Overview In this homework assignment, we will work through various classification metrics. Functions are in R to carry out the various calculations. We will also investigate some functions in packages that will let us obtain the equivalent results. Finally, we will create graphical output that also can be used to evaluate the output of classification models.

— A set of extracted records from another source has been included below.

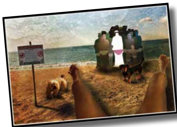
2n Premi Fotomuntatges Gabril Montes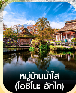
หมู่บ้านน้ำใส (โอชิโนะ วิกโก)

✈️ คอนเฟิร์ม ออกเดินทาง ทุกพีเรียด 2 ท่านขึ้นไป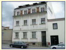
Obec: Česká Skalice Okres: Náchod Větší, bytový dům s byty 1+2 cca 75 m 2 , 1+3 cca 100 m 2 a 1+3 cca 95 m 2 v atraktivní lokality / u náměstí /. Objekt je část podskl. s půdou k vestavbě. V bytech je koupelna, WC a spíž. Sítě z veř. řádu, ÚT plyn, v jednom bytě akumul. kamna. V ceně je pěkná, opl. zahrada, celk. vým. poz. 923 m 2 . Stav. tech. stav dobrý, potřeba drobných úprav. Zaujímavá cena – dobrá investice.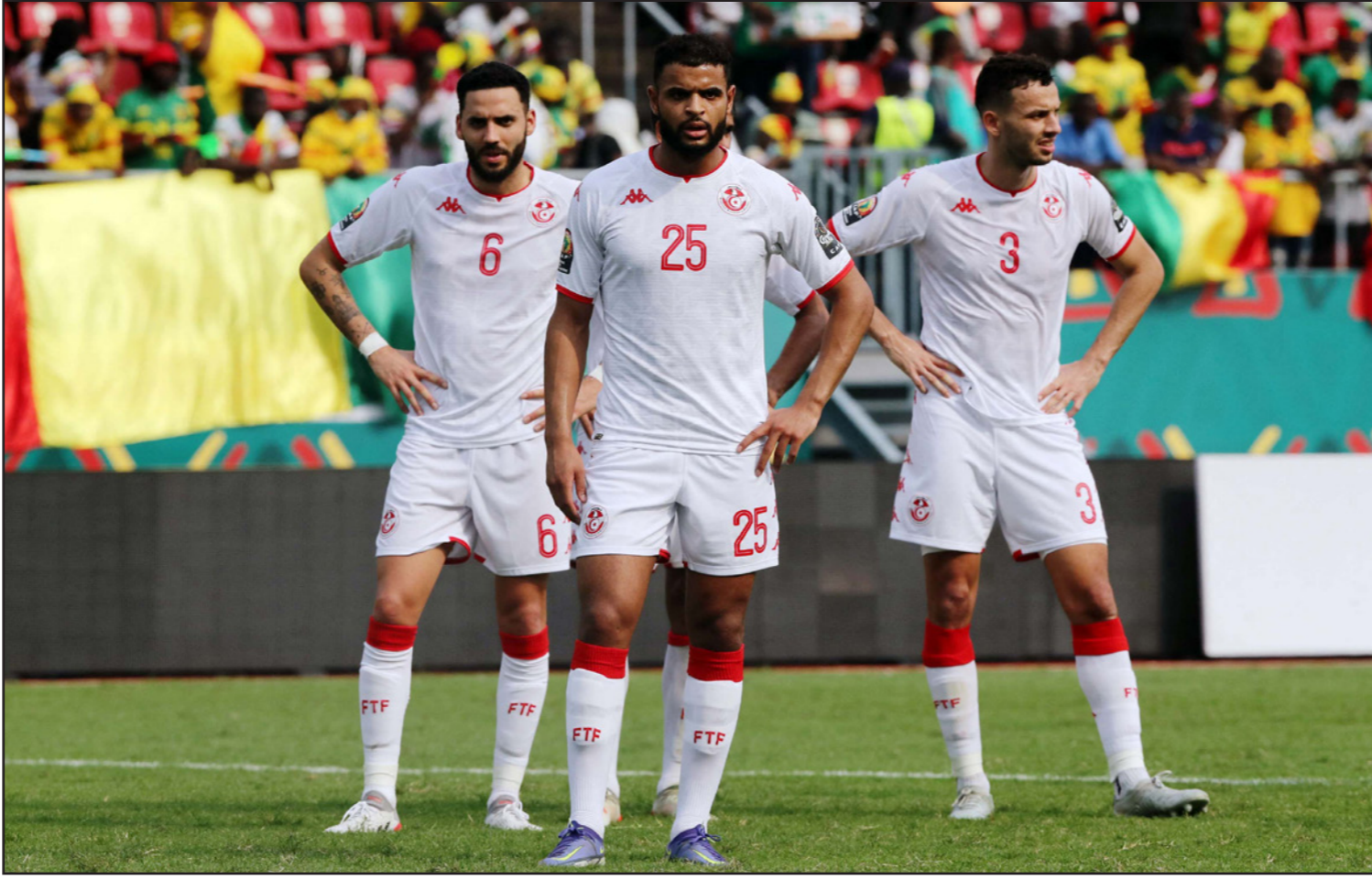
لاعب المنتخب التونسي في مازق بعد الأحداث الأخيرة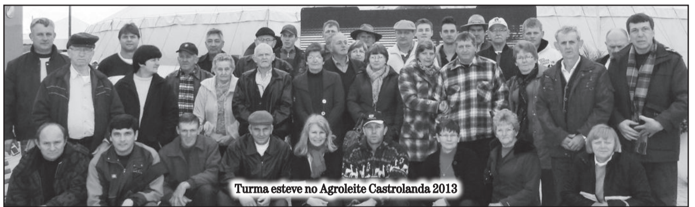
Turma esteve no Agroleite Castrolanda 2013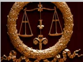
TGI de NANTERRE JUGEMENT

Dans le Code pénal, l'article de loi consacré aux risques causés à autrui, en vigueur depuis 2002, porte le numéro... 223. Le voici : « Le fait d'exposer directement autrui à un risque immédiat de mort ou de blessures de nature à entraîner une mutilation ou une infirmité permanente par la violation manifestement délibérée d'une obligation particulière de sécurité ou de prudence imposée par la loi ou le règlement est puni d'un an d'emprisonnement et de 15 000 E d'amende. » Ça donne à réfléchir!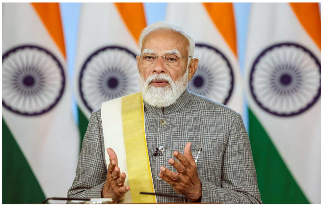
કરી રહેલા શરણાર્થીઓને ઈઅઅ દ્વારા નાગરિકતા મળશે અને ગેરકાયદેસર ઘૂસણખોરીથી મુક્ત શાસન સ્થાપિત કરવામાં આવશે. નેતાજી સુભાષચંદ્ર બોઝ અને રવિન્દ્રનાથ ટાગોરનો ઉલ્લેખ કરતા તેમણે કહ્યું કે રાજ્ય ગેરકાયદેસર ઘૂસણખોરી, મહિલાઓ વિરુદ્ધના ગુનાઓ અને નકલી મતદારોનો સામનો કરે છે, અને

વિવેકાનંદ અને અરવિંદ જેવા મહાન વ્યક્તિઓ દ્વારા કલ્પના કરવામાં આવ્યું હતું તે હવે સંકુચિત મત-બેંક રાજકારણ, હિંસા અને અરાજકતામાં ડૂબી રહ્યું છે. આ પત્રમાં, મોદીએ લખ્યું કે પશ્ચિમ બંગાળનું ભાવિ નક્કી થવામાં હવે થોડા મહિના બાકી છે અને ભારપૂર્વક જણાવ્યું કે રાજ્ય કઈ દિશામાં આગળ વધશે તે મતદારો દ્વારા નક્કી કરવામાં આવશે. તેમણે તેમની સરકારના ૧૧ વર્ષના રેકોર્ડ પર જણાવ્યું હતું કે ખેડૂતોના કલ્યાણ અને યુવાનોની આકાંક્ષાઓથી લઈને મહિલા સશક્તિકરણ સુધી, જન કલ્યાણ અને સમાવેશી વિકાસને પ્રાથમિકતા આપવામાં આવી છે. તેમણે પોતાની અપીલમાં મતદારોને વિકાસની યાત્રામાં જોડાવા વિનંતી કરી અને કહ્યું કે તેઓ તેમની સેવા કરવાની તક માટે ઉત્સુક છે. તેમણે ભ્રષ્ટાચાર અને કુશાસનથી મુક્ત રાજ્યનું વચન આપ્યું, જ્યાં મહિલાઓ સુરક્ષિત અને અનુભવે અને યુવાનોને કામ માટે સ્થળાંતર ન કરવું પડે. તેમણે એમ પણ કહ્યું કે ધાર્મિક અત્યાચારનો સામનો

class_output <- read.csv("https://raw.githubusercontent.com/javernw/DATA621-Business-Analytics-and-Data-Mining/master/classification-output-data.csv", header = T)
head(class_output)
confusion_matix <- table("Predictions" = class_output$scored.class, "Actual" = class_output$class)
confusion_matix
##            Actual
## Predictions   0   1
##           0 119  30
##           1   5  27

The rows represent predictions while the columns represent the actual observations.

ACCURACY

\[\large \text{Accuracy} = \large \frac{TP+TN}{TP+FP+TN+FN}\]

Accuracy can be defined as the fraction of predicitons our model got right. Also known as the error rate, the accuracy rate makes no distinction about the type of error being made.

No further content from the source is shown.